The University of B.C. is going to spend $20.4 million to expand a wood-waste-burning energy plant, with $7.6 million in federal help, to cut natural-gas use and reduce greenhouse-gas emissions.
UBC built its initial biomass-fuelled research and demonstration facility in 2012, with Vancouver-based bioenergy firm Nexterra Systems and General Electric, as a $27-million bid to trim carbon dioxide emissions by 4,500 tonnes per year.
Now, the $20-million expansion will see installation of a new boiler by the fall of 2020, increasing the plant’s capacity to generate 70 per cent of the hot water needed in UBC’s district energy system, reducing its natural-gas use by half and cutting CO2 emissions by 14,500 tonnes per year.
“The expansion plan is all about thermal energy from a renewable resource and displacing our dependency on natural gas,” said David Woodson, UBC’s managing director of energy and water services.
Woodson said an update in 2016 of UBC’s climate action plan identified an expansion of the plant, which is called the bioenergy research and demonstration facility, as “the only economically viable option” for hitting the university’s target to reduce greenhouse-gas emissions by 2020. The university’s goal of reducing emissions were to cut 33 per cent of its CO2 production from 2007 levels by 2015 and 67 per cent by 2020.
Because UBC is a public-sector institution, it’s hit with the double whammy of having to pay the carbon tax on its greenhouse-gas emissions as well as buying carbon offsets for the fossil fuels it burns.

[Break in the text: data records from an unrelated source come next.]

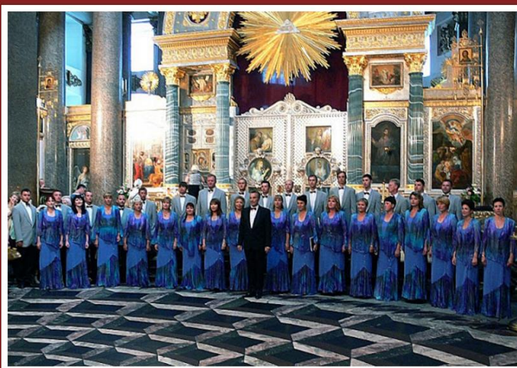
Академічний камерний хор «Вінниця»
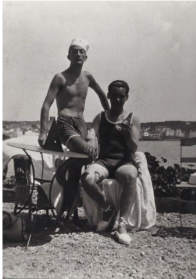
Figura 3: “Salvador Dalí y Federico García Lorca. Cadaqués, verano de 1927”
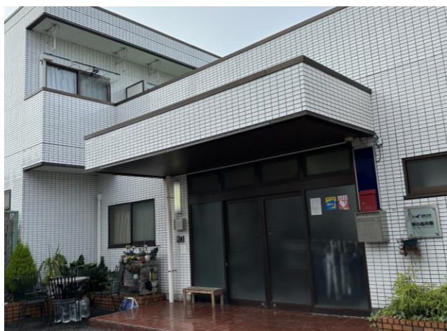
< 外観 External appearance >
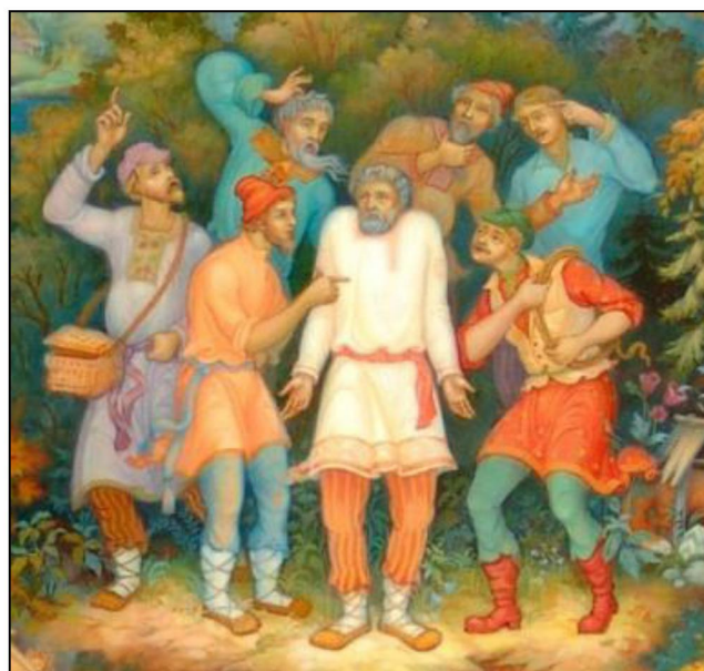
Рис. 7. М. Ершова. Панно «Кому живет весело, вольготно на Руси», фрагмент. Холуйская лаковая миниатюрная живопись. Выпускная квалификационная работа. 2012 г. Руководитель Ю.А. Бесшапошникова

Кроме того, особенностью лаковой миниатюрной живописи является изображение фигур в движении, что является сложной задачей для
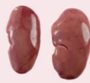
• RIÑONES DE CERDO S/CORTE • PORK KIDNEYS NOT SLASHED • 猪肾
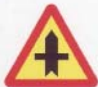
A-6a skrzyżowanie z drogą podporządkowaną występującą po obu stronach
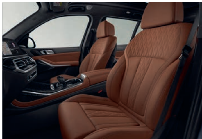
BMW Individual kůže Merino s rozšířeným obsahem "Tartufo / Black" (volitelná výbava), Dřevěné obložení interiéru Fineline Black s metalickým efektem, vysoce lesklé (volitelná výbava)
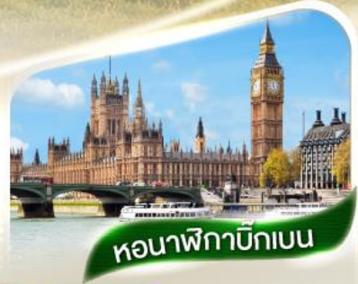
หอนาฬิกาบิกเบน
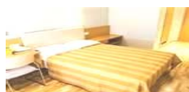
Pärnu Enkelrum Pärnu Enkel insideshytt båt
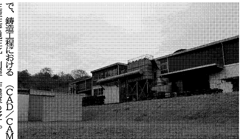
平野鑄造所は木型倉庫を新設する

平野鑄造所（掛川市）は、荷役作業者の転落防止対策として、トラックの荷台と作業者の間に設置する「ステップマシ」を開発、発売した。この装置は、トラックの荷台と作業者の間に設置することで、作業者の安全な昇降を補助する。また、転落防止の役割も果たす。この装置は、トラックの荷台と作業者の間に設置することで、作業者の安全な昇降を補助する。また、転落防止の役割も果たす。
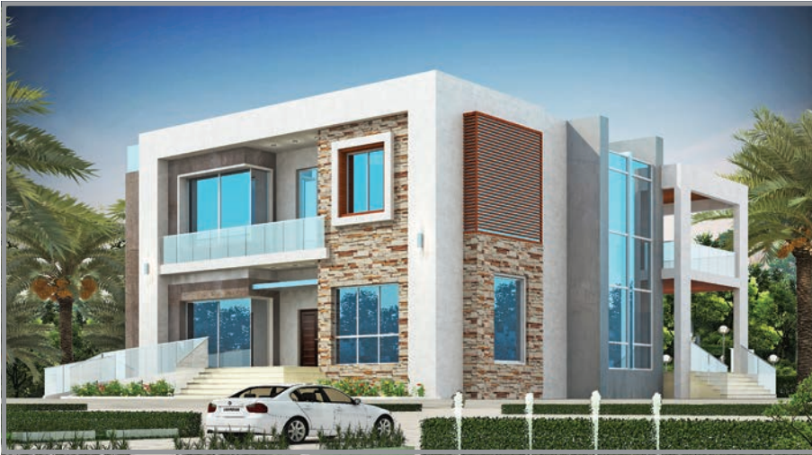
المنظور الأمامي للواجهة رقم 2
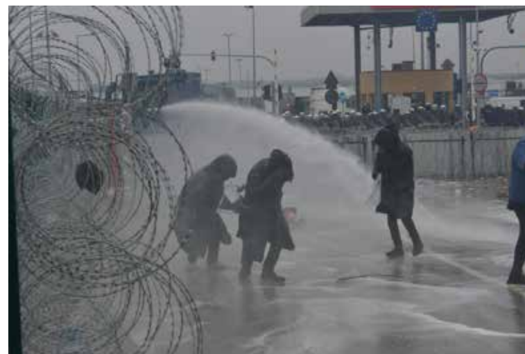
Атака водометов, в том числе с использованием химических веществ, на беженцев (в том числе женщин и детей) и представителей белорусских и зарубежных СМИ
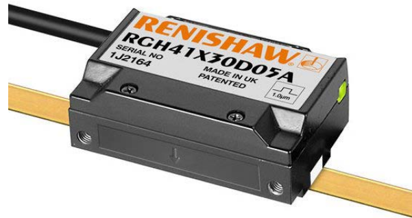
光学式エンコーダ RGH41

SRDEC 社は、2015 年中国の深セン証券取引所に上場した、広告業界向けの業務用インクジェットプリンター市場をリードする企業で、展開する製品には、捺染印刷機、フラットベッド UV プリンター、セラミックタイルインクジェット機などがあります。全生産の半数以上が 100 を超える世界中の国や地域に輸出されています。また、SRDEC 社は ISO9001:2000 の認証を受けており、Printing and Printing Equipment Industries Association of China (PEIAC: 中国印刷および印刷機工業協会) の一員です。
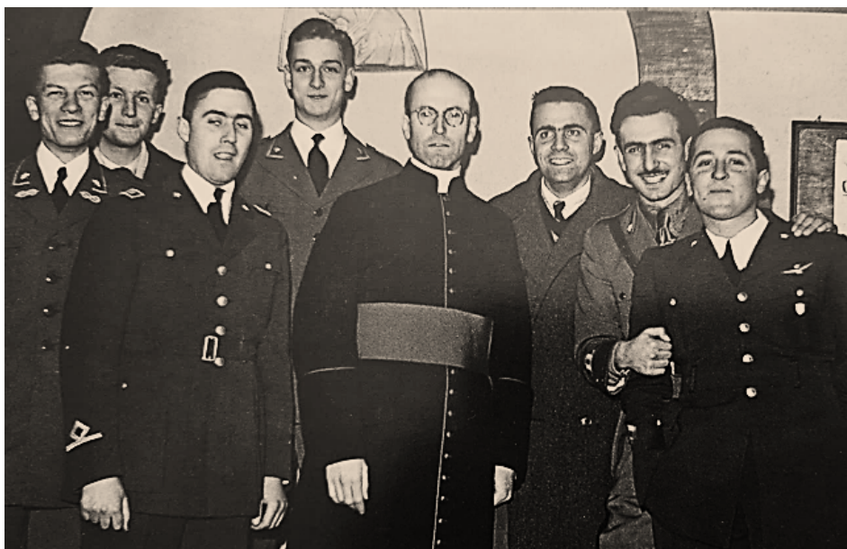
Congregati che partono per il fronte.
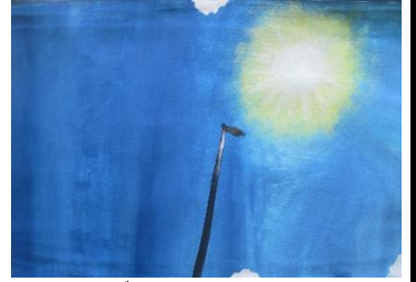
『見上げた その先には・・・』

“The combined effect, we’re paying over $60 per tonne (for carbon emissions),” Woodson said. “That’s effectively the same price as clean wood waste.”
Waste wood, or biomass, counts as carbon neutral because it isn’t a fossil fuel, although it’s burned, and it comes from a renewable source.

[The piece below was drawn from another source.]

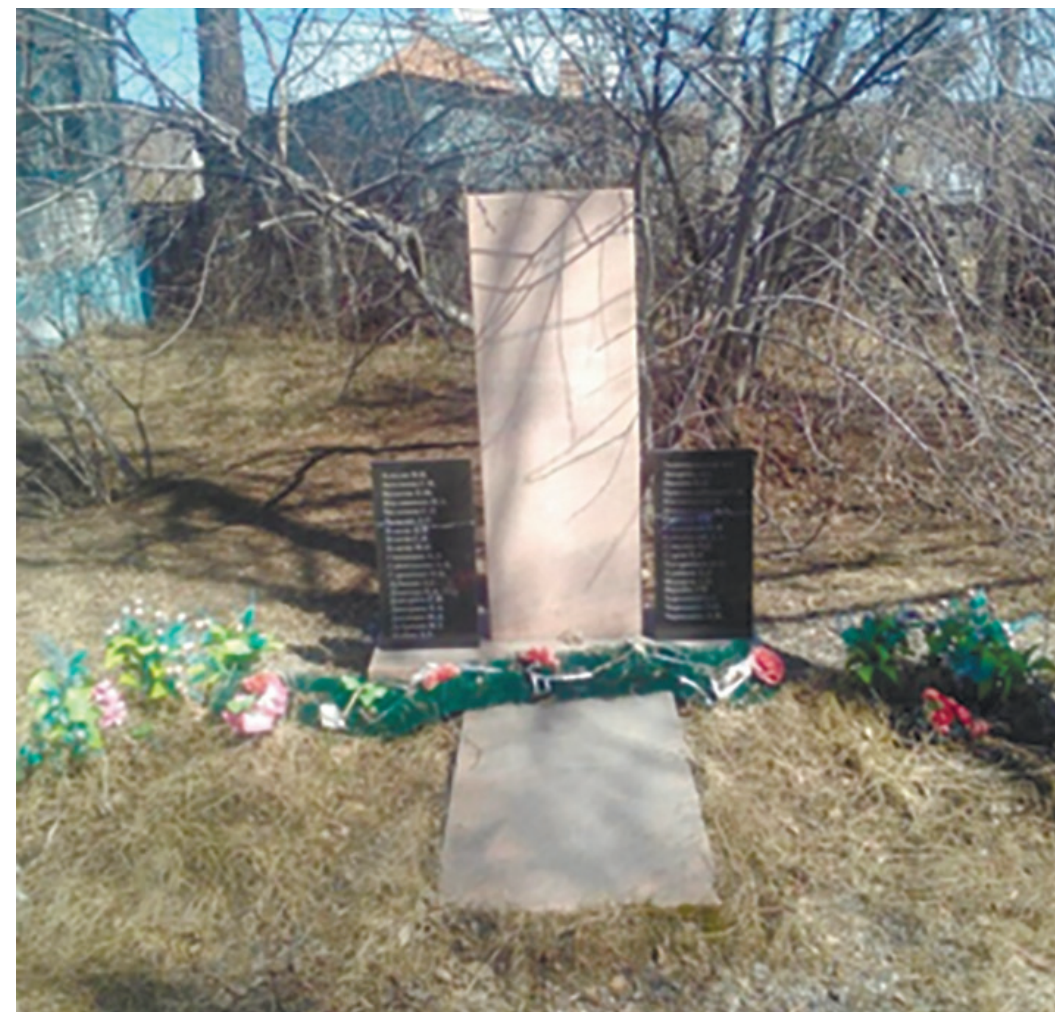
Памятник воинам – участникам Великой Отечественной войны, пос. Падь Мельничная, пер. Тракторный, 1

The plant gets its wood waste from a fuel consolidator that draws from more than 100 sources, Woodson said. However, they were surprised to learn that among those the three biggest sources were furniture manufacturing, sawmill waste and the gardening wood waste from municipalities.
Woodson added that UBC’s assessment is that even with the expansion the biomass plant will be able to rely on its existing sources for fuel, even if there is more widespread adoption of bioenergy as a method of reducing fossil-fuel use. The university did an assessment considering what the impact would be if all known biomass projects in the Lower Mainland proceeded.
“That would use up 50 per cent of known available (waste-wood) supplies,” Woodson said. “The short answer is, we’re completely confident in the availability of supply.”
UBC’s district heating system dates back more than 100 years, Woodson said, to the campus’s original coal-fired plant that generated steam that was piped through 14 kilometres of lines to heat-exchangers in all of its buildings. It has since been converted to oil, then natural gas and now biomass, and steam has been switched out to make it a hot-water distribution system.
John Madden, UBC’s director of sustainability and engineering, said the existing plant has cut the university’s CO2 emissions by some 8,500 tonnes per year, already helping it reduce emissions by 38 per cent from its 2007 baseline.